From: Tom Lane <tgl(at)sss(dot)pgh(dot)pa(dot)us>
To: Seamus Abshere <seamus(at)abshere(dot)net>
Cc: pgsql-general(at)postgresql(dot)org
Subject: Re: Too many BitmapAnds in the wild
Date: 2018-09-17 22:11:52
Message-ID: 28692.1537222312@sss.pgh.pa.us
Views: Raw Message | Whole Thread | Download mbox | Resend email
Thread:
Lists: pgsql-general

Seamus Abshere <seamus(at)abshere(dot)net> writes:
> hey,
> We see a fair number of incorrectly chosen BitmapAnd plans in the wild at Faraday... enough that googling the problem ends up at our old posts to this mailing list 😀. An attractive solution was proposed by Jeff Janes [1]

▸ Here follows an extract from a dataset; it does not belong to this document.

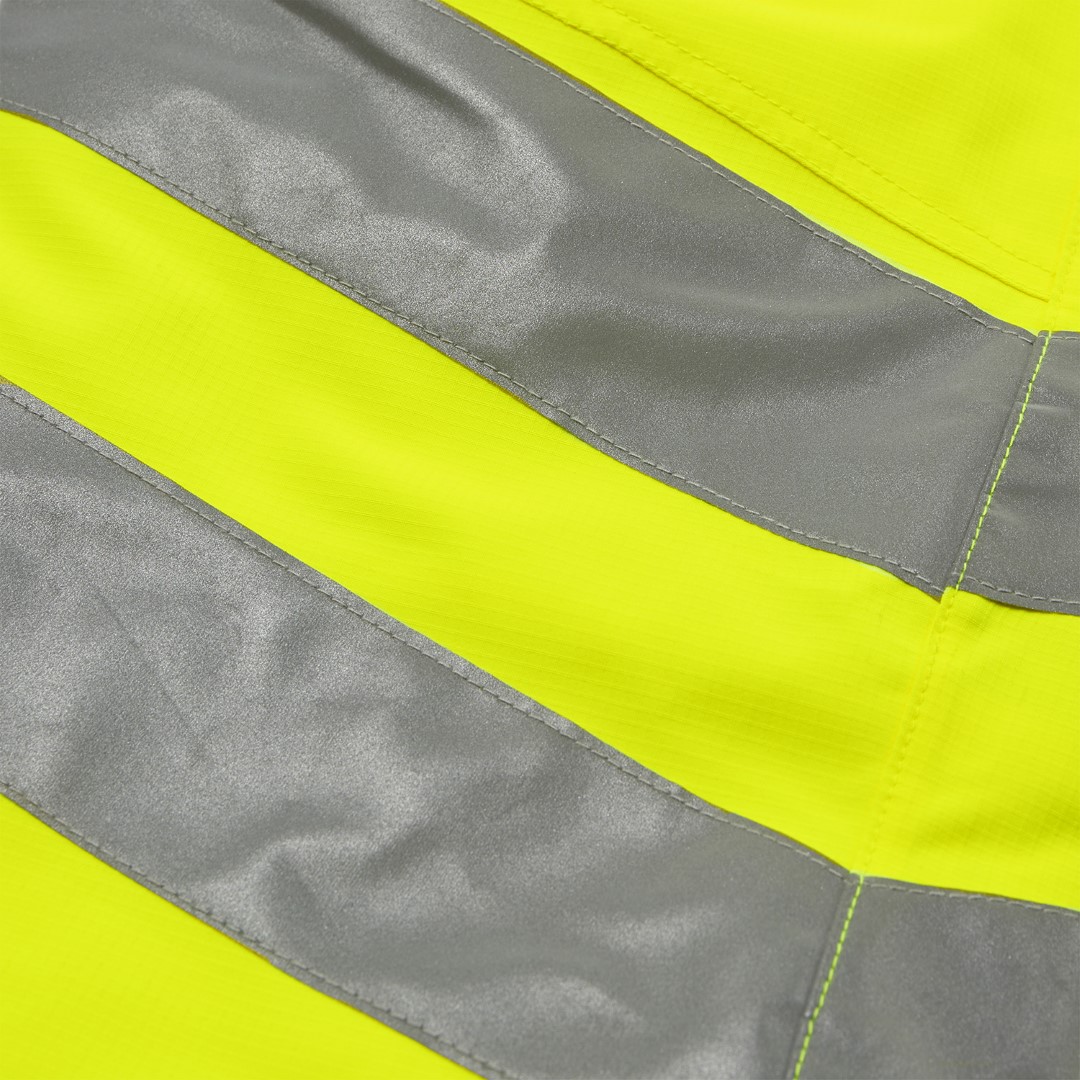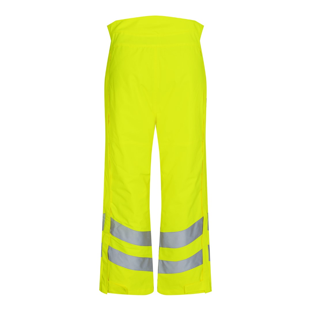 Fluoreszierende atmungsaktive, wasser- und winddichte Winterhose mit verschweißten Nähten. Zwei Fronttaschen mit Klettverschluss. D-Ring vorne für die Befestigung von z. B. Ausweisen. Extra hoher Lendenbereich und verstellbarer Gummizug in der Taille für maximalen Komfort. Verdeckter Zwei-Wege-Reißverschluss an den Beinen, der den Zugang zur Innenbekleidung ermöglicht sowie Schneefang/Windfang an den Beinen. Knieverstärkung. Reflexstreifen am Unterschenkel. Bekleidungsklasse 3. Nach 50-mal Waschen getestet.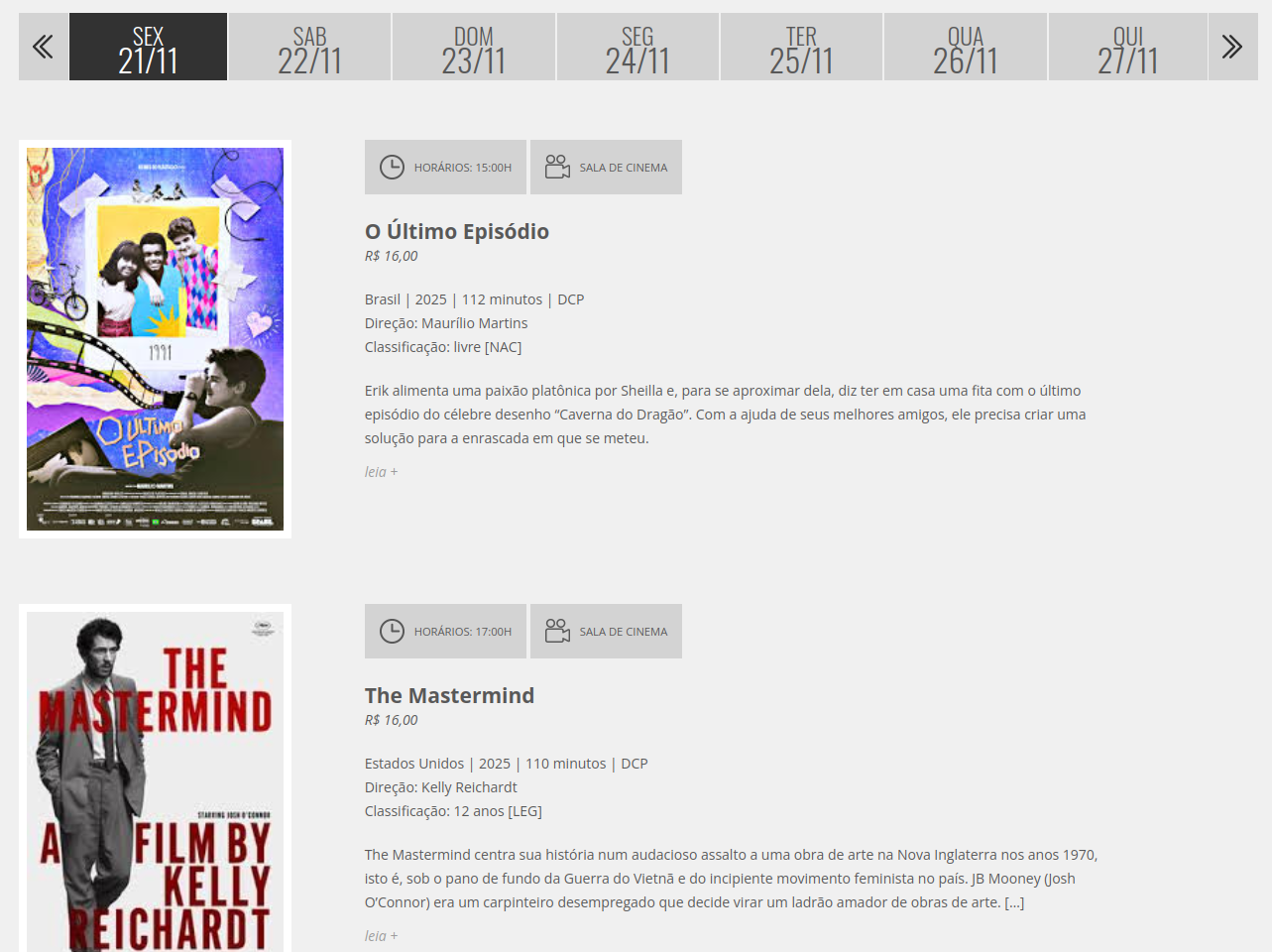 | 23 minutos | DCP Direção: Adalberto Oliveira Classificação: Livre Rapacidade é um filme-ensaio

> - *cost += 0.1 * cpu_operator_cost * path->rows;
> + *cost += 6 * cpu_operator_cost * path->rows;

> It appears this constant hasn't been changed for 7 years [2].

AFAICT you are pointing at this:

cost_bitmap_tree_node(Path *path, Cost *cost, Selectivity *selec)
{
if (IsA(path, IndexPath))
{
*cost = ((IndexPath *) path)->indextotalcost;
*selec = ((IndexPath *) path)->indexselectivity;

/*
* Charge a small amount per retrieved tuple to reflect the costs of
* manipulating the bitmap. This is mostly to make sure that a bitmap
* scan doesn't look to be the same cost as an indexscan to retrieve a
* single tuple.
*/
*cost += 0.1 * cpu_operator_cost * path->rows;
}

which does not seem like the place to be putting your thumb on the scale
if you want to discourage bitmap ANDs. That would increase the estimate
for plain bitmap scans as well as ANDs. Moreover, there's no plausible
reasoning for this adjustment being more than a minimal one.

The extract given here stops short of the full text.